Edison’s Talking Dolls

If you’re in the New York City area, you may want to reserve a spot at the Edison National Historic Site (ENHS) for tomorrow’s talk on Edison’s talking dolls, which were made by an experimental division of his lab during the 1888-1890 period. Our friends, Robin and Joan Rolfs, owners of two of the preciously rare original dolls, will be giving the main presentation. The details can be found on the Thomas Edison National Historic Park’s Facebook page.

Woman recording a talking doll cylinder

(Scientific American, courtesy of ENHS)

Eight talking-doll cylinder recordings still exist in one form or another today, and Archeophone is proud to have provided audio restorations for the ENHS project. Two of the original specimens, the earliest ones of all, were made of metal! The other six are made of brown wax and probably all date to about 1890. Some of the records were transferred using standard contact technology (such as the Archeophone universal cylinder playback system—not associated with us), others had to be scanned optically (using the IRENE system), and some are older recordings of the dolls actually playing their internal treasures and being recorded with a microphone.
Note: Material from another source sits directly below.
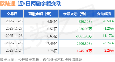 证券之星消息,11月28日,欧陆通(300870)融资买入8935.69万元,融资偿还9268.04万元,融资净卖出332.35万元,融资余额6.52亿元。

Spend some time at the website set up by Jerry Fabris, curator at the Edison site: http://www.nps.gov/edis/learn/photosmultimedia/edison-talking-doll-recordings-1888-1890.htm. You can hear all eight records, with before and after sounds; and you can see a number of great photos and really get a sense of the technology. It’s a fabulous presentation.

So, what seemed like a good idea in 1888, to give the kiddies a talking plaything, turned out to have a lot of problems. The dolls were too fragile, their media too sensitive, to work properly and reliably. Furthermore, the sounds coming out of the dolls were far more likely to scare the kids to death, rather than soothe them to sleep. Have a listen to “Hickory Dickory Dock”:

(Sound courtesy of ENHS)

And that’s the best sounding one!

Notice the picture above from Scientific American. Here you have one of the young women who were employed by Edison to sit and make these recordings for hours on end, day after day while this experiment lasted. A paid servant, this unknown person is one of the very first professional recording artists.


One thought on “Edison’s Talking Dolls

  1. It’s always eerie to think of a child’s plaything from so long ago…gives it that Stephen King sort of a chill, everyone associated with the toy being long since deceased.

    Makes you wonder what kind of people they were, the recorded voices and the children who listened to them.